Wikipedia Analytics Request
Purpose
Please provide as much context as possible as well as what the produced insights or services will be used for.
The TechWish team is targeting the following behavior change in 2026:
- We want to see an increase in newcomers (< 100 edits) returning to make constructive reference edits. If we see an increase during the period in which they are still defined as newcomers, we hypothesise that that the improvements we make are helping them understand and learn how to use the tooling for citations. This also means that when they grow into more experienced users (as measured by the number of edits) they are equipped with the means to continue creating constructive edits and are supported by the tooling.
Constructive references edits is defined as published edits that include a reference and that are not reverted within 48 hours of being published.
The success metric for this is:
The percentage of newcomers that have successfully published their first reference using VisualEditor (with or without ReferenceCheck), that return to add another reference without ReferenceCheck within y days, increases by x%.
Please see notes from chat with Megan Neisler.
Questions to be answered
- What is the rate (within how many days) at which newcomers return to create an edit?

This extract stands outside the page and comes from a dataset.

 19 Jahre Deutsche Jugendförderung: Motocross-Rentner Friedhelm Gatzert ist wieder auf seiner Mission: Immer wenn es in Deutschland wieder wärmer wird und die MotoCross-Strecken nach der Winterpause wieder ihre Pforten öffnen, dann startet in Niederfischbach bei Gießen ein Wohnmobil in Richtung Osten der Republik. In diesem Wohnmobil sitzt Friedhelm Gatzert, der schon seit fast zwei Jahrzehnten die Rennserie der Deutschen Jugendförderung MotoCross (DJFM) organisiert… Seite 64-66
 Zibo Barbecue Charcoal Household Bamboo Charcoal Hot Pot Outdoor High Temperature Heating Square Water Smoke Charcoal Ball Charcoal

- What is the rate (within how many days) at which newcomers return to create an edit with references?
- What is the percentage of newcomers that return to add another reference?
- What is a plausible increase that we can work towards in 2026? Determining the x% increase.

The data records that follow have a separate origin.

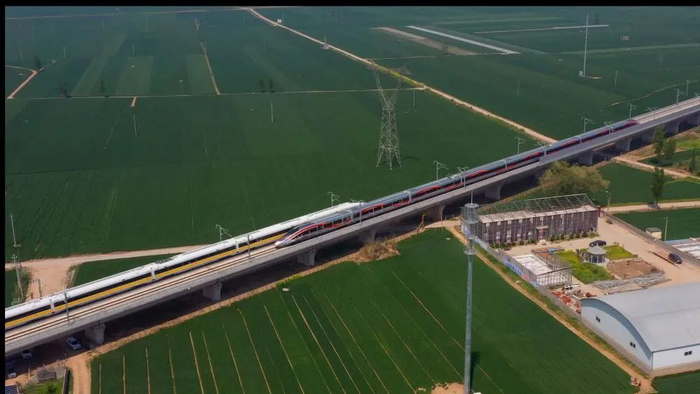据了解,该车作为高速动车组新技术验证平台参与CR450动车组研制先期试验,4月12日,在郑州至重庆高速铁路巴东至万州段成功实现隧道内单列时速403公里、相对交会时速达806公里;4月21日,在济南至郑州高铁濮阳至郑州段成功实现明线上单列时速435公里、相对交会时速达870公里,创造了高铁动车组列车明线和隧道交会速度世界纪录。这标志着纳入国家“十四五”规划的“CR450科技创新工程”全面展开。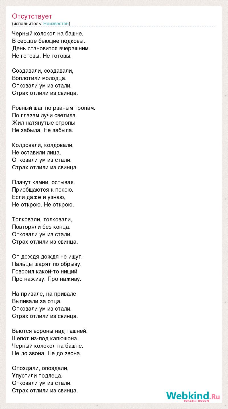 Черный колокол на башне. В сердце бьющие подковы. День становится вчерашним. Не готовы. Не готовы. Создавали, создавали, Воплотили молодца. Отковали ум из стали. Страх отлили из свинца. Ровный шаг по рваным тропам. По глазам лучи светила. Жил натянутые стропы Не забыла. Не забыла. Колдовали, колдовали, Не оставили лица. Отковали ум из стали. Страх отлили из свинца. Плачут камни, остывая. Приобщаются к покою. Если даже и узнаю, Не открою. Не открою. Толковали, толковали, Повторяли без конца. Отковали ум из стали. Страх отлили из свинца. От дождя дождя не ищут. Пальцы шарят по обрыву. Говорил какой-то нищий Про наживу. Про наживу. На привале, на привале Выпивали за отца. Отковали ум из стали. Страх отлили из свинца. Вьются вороны над пашней. Шепот из-под капюшона. Черный колокол на башне. Не до звона. Не до звона. Опоздали, опоздали, Упустили подлеца. Отковали ум из стали. Страх отлили из свинца.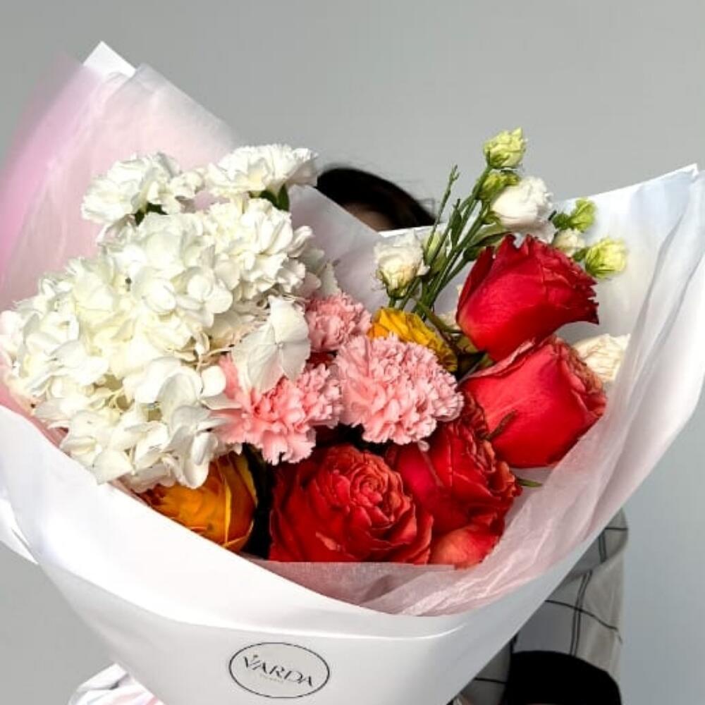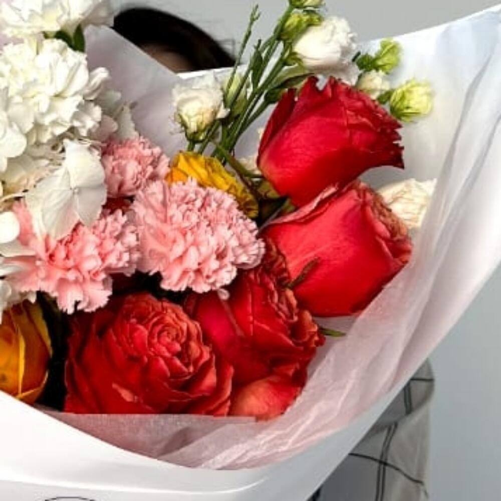 Альстромерии, Гвоздики, Кустовые розы, Лизиантусы, Розы, Хризантемы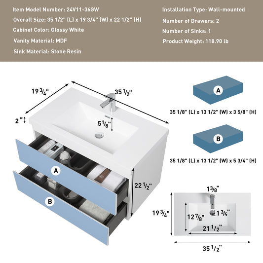 36" Floating Bathroom Vanity with Sink, Modern Wall-Mounted Bathroom Storage Vanity Cabinet with Resin Top Basin and Soft Close Drawers, Glossy White 24V11-36GW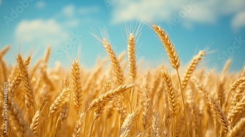 Fototapeta premium Golden Wheat Field Under Bright Blue Sky with Fluffy Clouds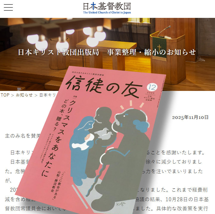 また、同出版局が発行する月刊誌『信徒の友』12月号にも同趣旨の告知が掲載されたが、同誌や『こころの友』などの定期刊行物について、4月以降も発行が継続できるよう、「日本基督教団とは別の新たな事業形態を有志の方々に備えていただく」よう検討中であること、「日本基督教団の教職・信徒の働きや学びに限定せず、これから神さまと出会うであろう方々へ向けて多様な形態を模索しながら新たな文書伝道が展開すること」を願っている旨が加筆されている。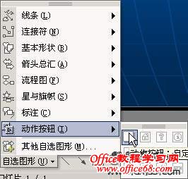PowerPoint广泛的应用于很多领域的演示,近年来已成为学校老师进行多媒体教学的重要工具,但是对于一般的老师来说,要制作反映真实规律的理科图像或动画还是有些困难。 用过几何画板的人都知道,该软件提供的很多专业功能是非常强大的,但是很多界面处理功能欠缺。 如果能够将两者结合起来,可以相得益彰,制作出几乎完美的课件。 首先,要安装这两个软件,然后将PowerPoint和几何画板文件各自制作完毕,在PowerPoint中打开绘图工具栏中的“自选图形-动作按钮”,选择“开始”按钮,如图: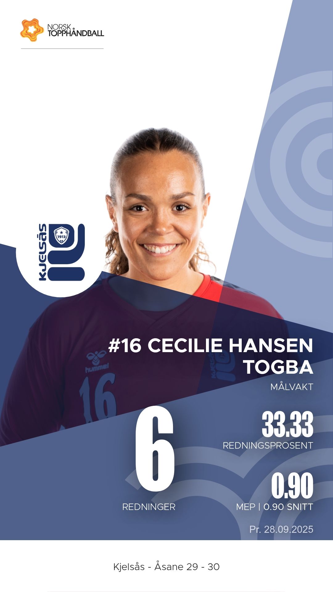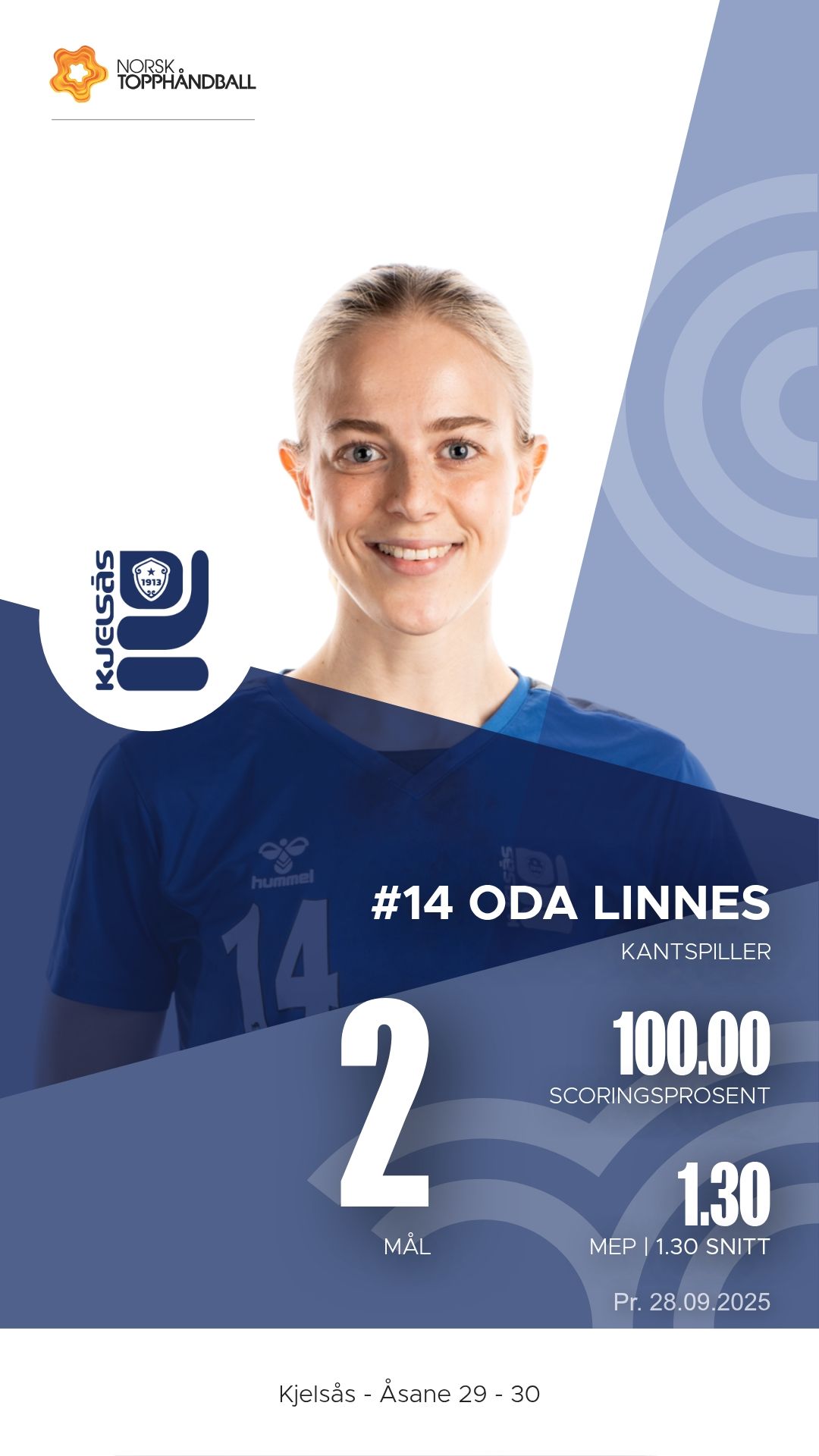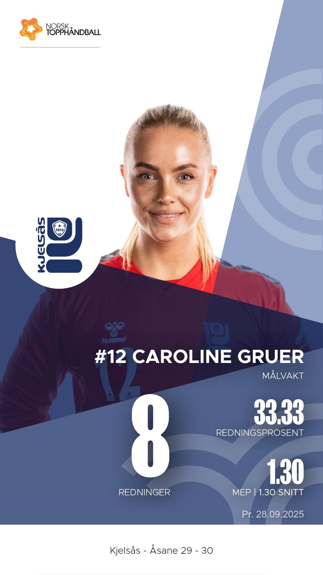 Mia Viljugrein var hjemmelagets mest effektive spiller med syv mål og hele syv målgivende pasninger fra bakspillerposisjon. Hun var tydelig kampens x-faktor for Kjelsås. Thea Olsen Skårsmoen leverte også en solid kamp med både scoringer og målgivende, mens linjespiller Rebecka Hagen viste styrke inne på strek med fire mål. Målvakt Cecilie Hansen Togba sto for flere viktige redninger i første omgang, mens Caroline Gruer tok ansvar etter pause med åtte redninger totalt.

- What is the total number of newcomers
Desired Outputs
The desired outputs of this task are listed and confirmed as being finished below.
- Superset report for de.wiki showing total number of newcomers overtime.
- Superset report showing percentage of newcomers returning to add another reference within x days.
Deadline
Please make the time sensitivity of this request clear with a date that it should be completed by. If there is no specific date, then the task will be triaged based on its priority.
- First round of results preferably by 30.11.2025 so that we can re-adjust plan if need be.
- The data points have to be available beginning of Q1 2026 so that the numbers can be updated on meta.wikipedia.org.
Information below this point is filled out by the task assignee.
Assignee Planning
Sub Tasks
A full breakdown of the steps to complete this task.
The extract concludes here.